I doubt one "knows" the values of sin and cos at 0, and that these are
continuous functions, without knowing sin^2 + cos^2 = 1. But yes, you could
remember those facts in isolation.
> > Second, we're to believe someone has forgotten the most basic of trig
> > identities, sort of like forgetting your own name, and yet knows how to
> > apply the chain rule and remember the derivatives of sin and cos correctly?
>
> He was obviously just using a simple example to make the point. See
> below if you insist on a more complicated one.
>
> > > Now imagine a similar limit only with a much more
> > > hairy numerator that is identically zero but is not
> > > immediately recognizably so. As above, L'Hospital's
> > > rule might similarly simply reveal the correct result.
> >
> > You must verify the hairy numerator -> 0 to use LHR. If it's identically 0
> > but is unrecognizable as such, how will you know it -> 0?
>
> Consider instead:
>
> (4(cos(x)-cos(3x))/(1+sec(x)) - 8((1-cos(x))/sec(x))^2)^2 -
> (1-cos(4x))^2
>
> It takes about 10 seconds to verify that it's continuous at 0, and has
> a value of 0 there.

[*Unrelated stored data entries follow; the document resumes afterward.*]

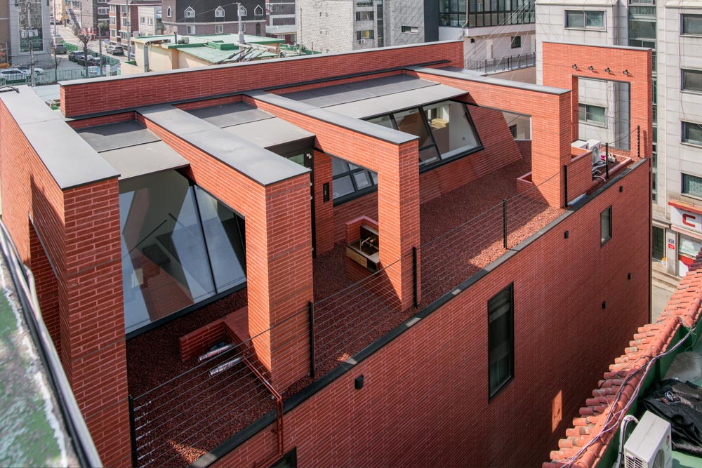 | 세 개의 면, 다섯 개의 켜 설계자 | 김경진 _ 건축사사무소 샴건축 건축주 | 김경진 감리자 | 시나 건축사사무소 시공사 | 김경진 설계의도 구현 | 건축사사무소 샴건축 대지위치 | 인천시 남동구 구월로 115번길 66 주요용도 | 근린생활시설 대지면적 | 154.90㎡ 건축면적 | 92.71㎡ 연면적 | 302.13㎡ 건폐율 | 59.86% 용적률 | 192.31% 규모 | 4F 구조 | 철근콘크리트구조 외부마감재 | 칼라콘크리트 블록(두라스텍 탱고레드), 블랙 스테인레스스틸 내부마감재 | 친환경페인트, 포세린타일, 멀바우집성목 설계기간 | 2017. 12 - 2018. 07 공사기간 | 2018. 07 - 2019. 12 사진 | 구의진 구조분야 : 베이스구조 기계설비분야 : 코담기술단 전기분야 : 코담기술단 소방분야 : 코담기술단 |
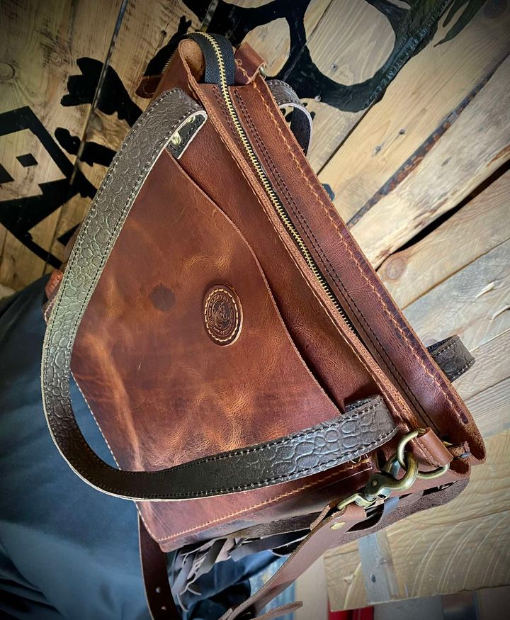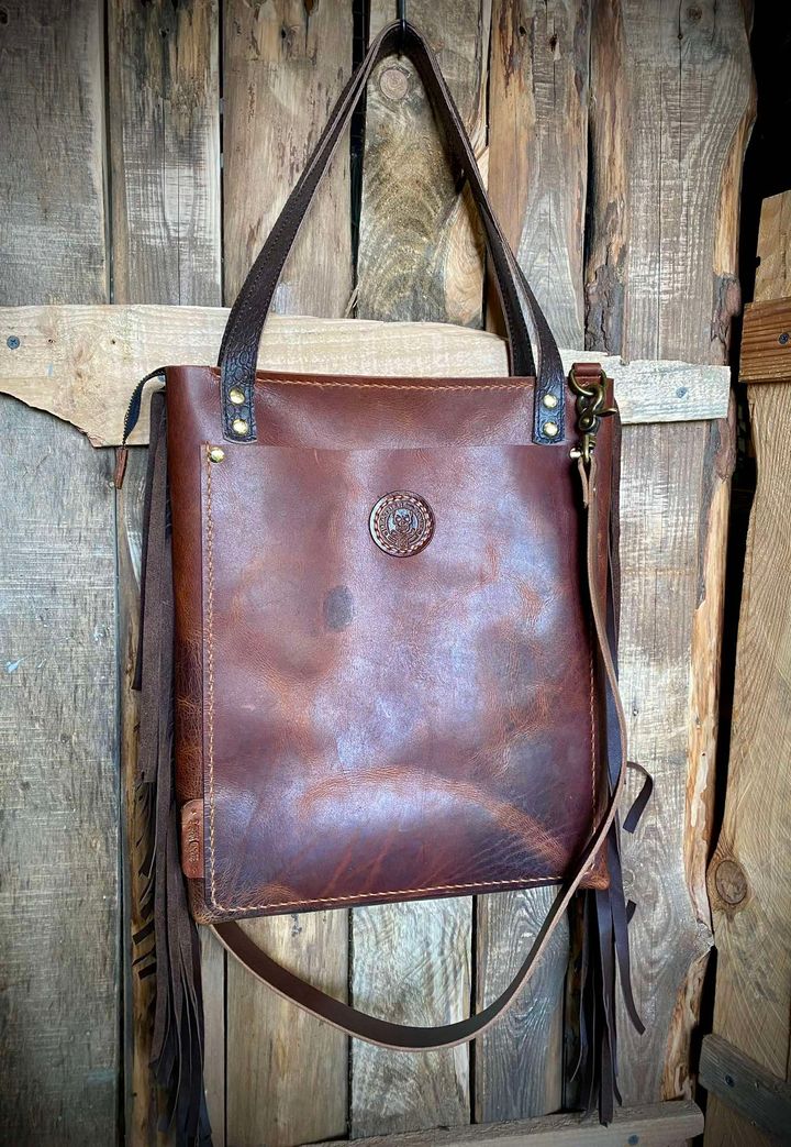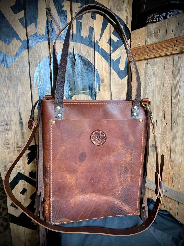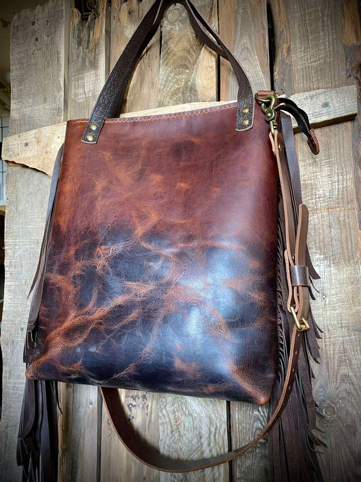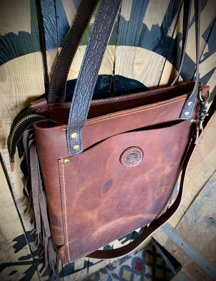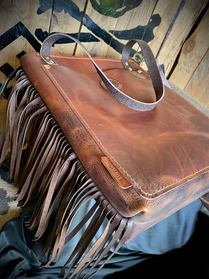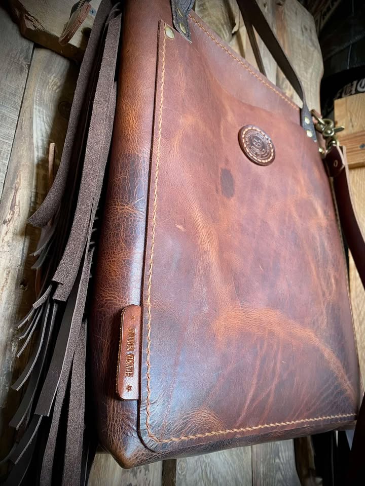 Torebka typu Shoperka ze skóry bydlęcej typu „Crazy Horse”, ręcznie szyta.
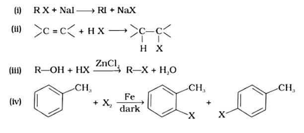 The correct answer is option (i). Option (i) is an example of a Finklestein reaction, which is a halogen exchange reaction that produces alkyl iodide by treating alkyl halides with NaI in dry acetone. Option (ii) is an addition reaction in which an alkene is transformed to the equivalent alkyl halide. Option (iii) is a substitution reaction, whereas option (iv) is an electrophilic substitution reaction.
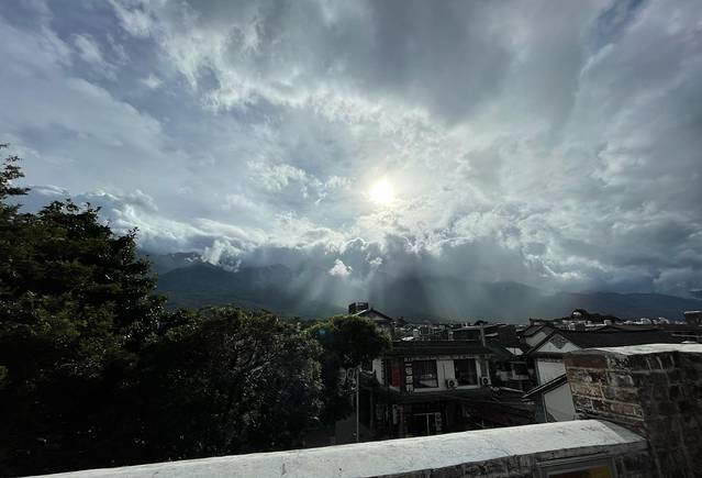 一定一定要等上城墙看一眼,绝美,我们不是在晴天去的(没见到最美的景色),但雨季中的大理也是别有一番风味,如图

Now, I don't know if taking the derivative of this
> expression and evaluating it at x=0 is easier than showing it's
> identically equal to 0, but I would believe someone if they told me it
> was easier for them.
True, and as I wrote to Bill, I shouldn't have gotten involved with that
issue, because the only point I was trying to make is that it is silly to
use LHR to evaluate lim_s->0 0/s^2. Which it is.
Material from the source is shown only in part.